На всякий случай я держу его под рукой.
В память об Энценсбергере и о наших общих воспоминаниях. Больше трех десятков лет общих воспоминаний, начиная с Кубы в 1968 году, когда мы оба участвовали в создании Фиделем Кастро коммунистической партии ленинского типа, необходимой ему, чтобы превратить демократическую революцию — которая прекрасно обошлась без этой партии для победы над диктатором Батистой — в систему реального социализма.
В память о чтении Фолкнера давным-давно в Бухенвальде декабрьскими ночами 1944 года, когда американские солдаты не отдали ни пяди земли в Бастони, хотя они и не были фанатиками.
* * *
— В шесть часов в Revier! — сказал Каминский.
Время шло к шести — было пять с четвертью. Темнело, зажигались фонари. Снег поблескивал в пучках мигающего света прожекторов, которые уже начали обшаривать лагерь.
Очень скоро я узнаю, какой мертвец поселится во мне в случае необходимости, чтобы спасти мою жизнь.
Каминский насмешливо добавил: «До шести веди себя как обычно по воскресеньям — развлекайся со своим профессором и со своими мусульманами!»
Совет совершенно излишний.
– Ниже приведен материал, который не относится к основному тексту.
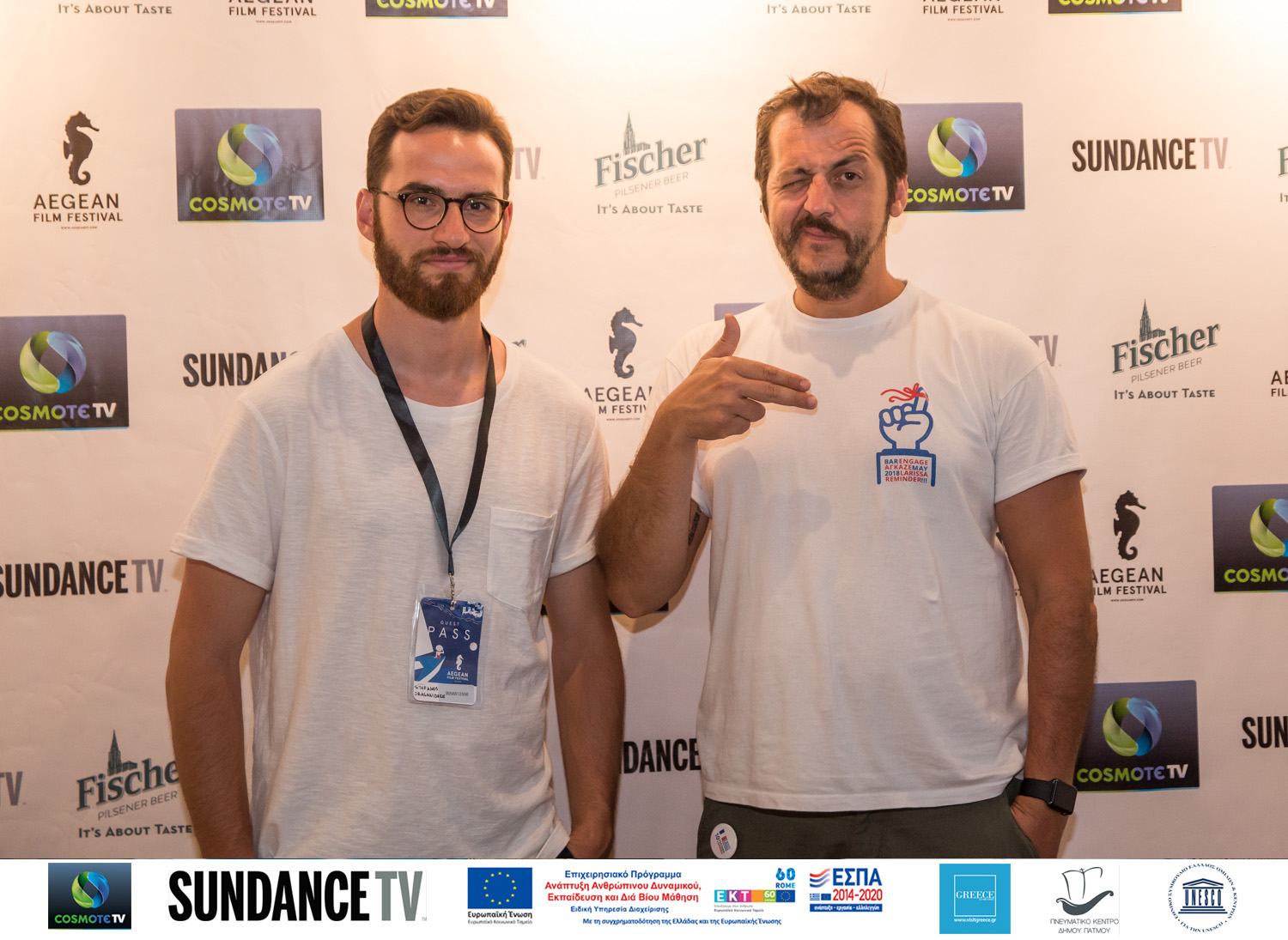 Ανανεώνοντας το ραντεβού μας για το 2018 με περισσότερες ταινίες, καλεσμένους, προορισμούς και αγάπη για τον κινηματογράφο θα θέλαμε να ευχαριστήσουμε όλους όσους μας υποστήριξαν: Τον μεγάλο χορηγό μας COSMOTE TV, το Sundance TV, το Πνευματικό Κέντρο Δήμου Πάτμου, το Ελληνικό Κέντρο Κινηματογράφου, το National Geographic, τα Ξενοδοχεια, Patmos Aktis, Romeos, Skala, Chris και την Blue Star Ferries καθώς και την Fischer, την Sugar High και το Bobstudio. Το Aegean Film Festival βρίσκεται υπό την αιγίδα της UNESCO, την αιγίδα και την ευγενική υποστήριξη του Ελληνικού Οργανισμού Τουρισμού (Ε.Ο.Τ.). και το Επιχειρησιακό Πρόγραμμα «Ανάπτυξη Ανθρώπινου Δυναμικού Εκπαί- δευση και Δια Βίου Μάθηση» με τη συγχρηματοδότηση της Ελλάδας και της Ευρωπαϊκής Ένωσης. "
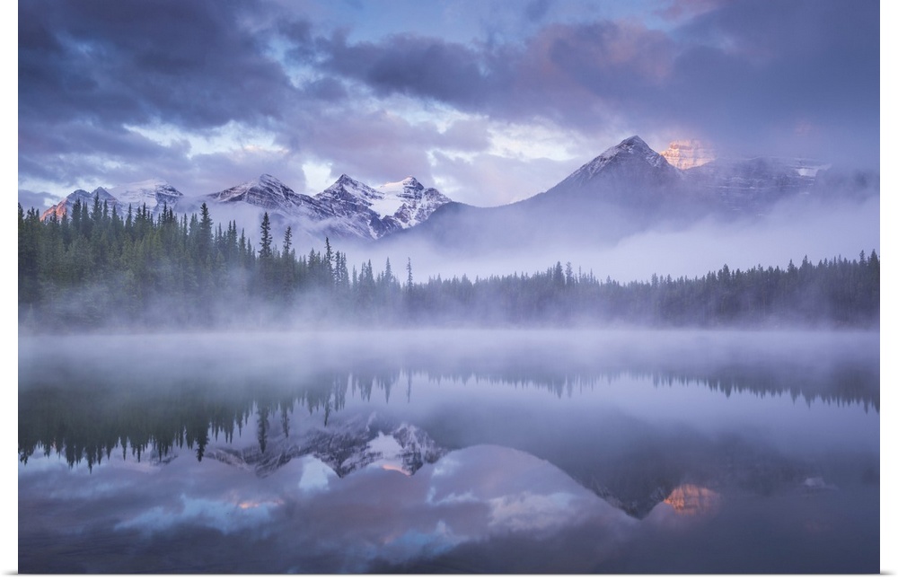 <p>Atmospheric misty sunrise in Banff National Park in the Canadian Rockies, Alberta, Canada, Autumn, September, 2016. Alberta, Canada.</p>
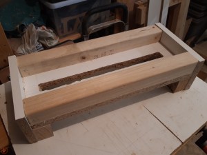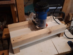 I needed a means to flatten a slab of log (see previous blog post) so decided to make a simply sled for my router. I grabbed some pallet wood and cut it to the right dimensions to raise the surface above the height of the log slab. I used some white melamine coated chipboard left over from an old wardobe for the surface as it allowed the router to slide really easily.
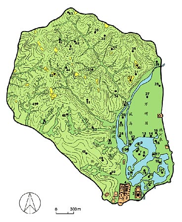 避暑山庄位于武烈河西岸,占地面积560公顷,四周环以围墙,长达10公里。园内地形变化复杂,可划分为四大景区,即宫廷区、湖沼区、平原区、山峦区,分别表现出不同的景观特色。宫廷区由正宫、松鹤斋、万壑松风、东宫等四组建筑组成。正宫为清帝理政、晏居的地方。根据封建帝王前朝后寝制度,依中轴对称布局原则,布置了午门、正宫门、澹泊敬诚殿、四知书屋、万岁照房、烟波致爽殿、云山胜地楼、岫云门等一系列殿寝建筑。松鹤斋一组建筑为奉养太后的居地。万壑松风在松鹤斋之北,后濒下湖,为宫廷区与湖沼区的过渡性建筑。东宫是清帝举行庆典宴会之所,主要建筑有清音阁、福寿园、勤政殿、卷阿胜境殿等。为配合“山庄”这一主题思想,宫廷区的殿、堂、室、楼都采用朴素简洁的北方民居建筑形式,不用琉璃瓦及彩画进行装饰。湖沼区在宫廷区之北。大小有七个湖泊萦绕,形成了如意洲、青莲岛、金山、月色江声岛等几个较大的岛屿,岛间又以长堤、桥梁串联,云水苍茫,动静各异,构成以水景为主要题材的景区。康熙、乾隆曾几次到江南浏览名山胜水,对其玲珑典雅的写意山水园林深为赞赏,所以在山庄中仿建数处。如文园狮子林是仿苏州狮子林,天宇咸畅是仿镇江金山寺,青莲岛烟雨楼仿嘉兴烟雨楼,沧浪屿仿苏州沧浪亭等。湖沼区的景点多因水面景色之感发,意念与环境之交融而组成景色画面,极富于诗情画意。湖沼区布局自由灵活,匠师们通过几条有组织的观赏路线把分散的景点串联起来,作有秩序的动态观赏。平原区位于湖沼区之北。包括有万树园、永佑寺诸景,以及西部山脚下的宁静斋、千尺雪、玉琴轩、文津阁诸建筑。其中以万树园最具特色,在数百亩草地间,苍松翠柏,郁郁葱葱,独具北国草莽风光。乾隆时经常召见各兄弟民族政教首领来此野宴,看焰火,放河灯,看马戏杂技等。山峦区在山庄西北部,占据山庄绝大部分,用地430公顷。其中包括有松云峡、梨树峪、松林峪、榛子峪、西峪等数条峪谷。起伏山峦成为湖沼区及平原区最好屏障,阻挡住冬季西北风的侵袭。山峦区园林布置的特点是最大限度地保持山林的自然形态,穿插布置一些山居型小建筑,不施彩绘,不加雕镂,清雅古朴,体量低小,并呈散点布置,远远望去完全淹没在林渊树海之中。其中最引人入胜的是松云峡,数里长峡遍植松柏,一路之上松涛鸟语,满目青翠,层峦叠嶂,云雾迷蒙,使人们完全进入一个幽静清绝的境界之中。

Я действительно навестил Мориса Хальбвакса и снова попытался разыскать юного мусульманина в сортирном бараке.
Но до этого я вернулся в сороковой блок, где у меня была назначена встреча с соотечественниками.
В последние годы это слово практически исчезло из моего лексикона. Соотечественники? Господи, из какого отечества? С тех пор как четыре с лишним года назад в 1939 году на бульваре Сен-Мишель в Париже я твердо решил, что больше никто и никогда не примет меня за иностранца из-за акцента, с тех пор как я добился этого, мой родной язык, мои воспоминания о родине — детские, врожденные — стерлись, были вытеснены из сознания, затянуты в пучину немоты.
Иногда — но, похоже, я делал это, чтобы убедить самого себя или тех, к кому я обращался, и одновременно чтобы не вдаваться в слишком длинные и бесполезные объяснения, — я говорил, что французский язык — единственное, что похоже для меня на родину. Так что не зов земли, не голос крови, но закон желания оказался для меня решающим. Я действительно хотел не только овладеть этим языком, поддавшись его очарованию, но и надругаться над ним, изнасиловать. Язык Жида и Жироду, Бодлера и Рембо, но также — возможно, особенно по сути своей — язык Расина: совершенное сочетание прозрачного мастерства и замаскированного насилия.
Конечно, нельзя сказать, что я совсем забыл испанский. Он всегда оставался со мной, он есть, но его и нет, вроде как в коме, он виртуален, обесценен, так как говорить на нем не с кем.
Однако при насущной необходимости, мне кажется, я мог бы к нему вернуться.
Единственной тайной и сокровенной нитью, еще связывавшей язык моего детства с моей настоящей жизнью, была поэзия. Будь я верующим, эту роль, вероятно, сыграла бы молитва. В таком случае, например, странно было бы читать «Отче наш» по-французски. Но верующим я не был. Так что не о чем говорить.
Нить поэзии и еще — чуть не забыл — нить цифр и счета. Тоже из детства, как считалочки. Мне всегда приходилось вполголоса повторять цифры по-испански, чтобы удержать их в памяти. Номера домов или телефоны, даты встреч или дни рождения: мне надо было произнести их по-испански, чтобы запомнить.
Испанский также навсегда стал для меня языком подпольной жизни.
Но поэзия поддерживала во мне — на заднем плане, на глубинном уровне совершенной благости и благодати — живую связь с моим родным языком. В первые годы изгнания и оккупации я даже обогатил свой испанский поэтический багаж. Именами Луиса Сернуды и Сесара Вальехо, например, которых до этого я не знал или знал плохо, скорее по слухам, чем на слух.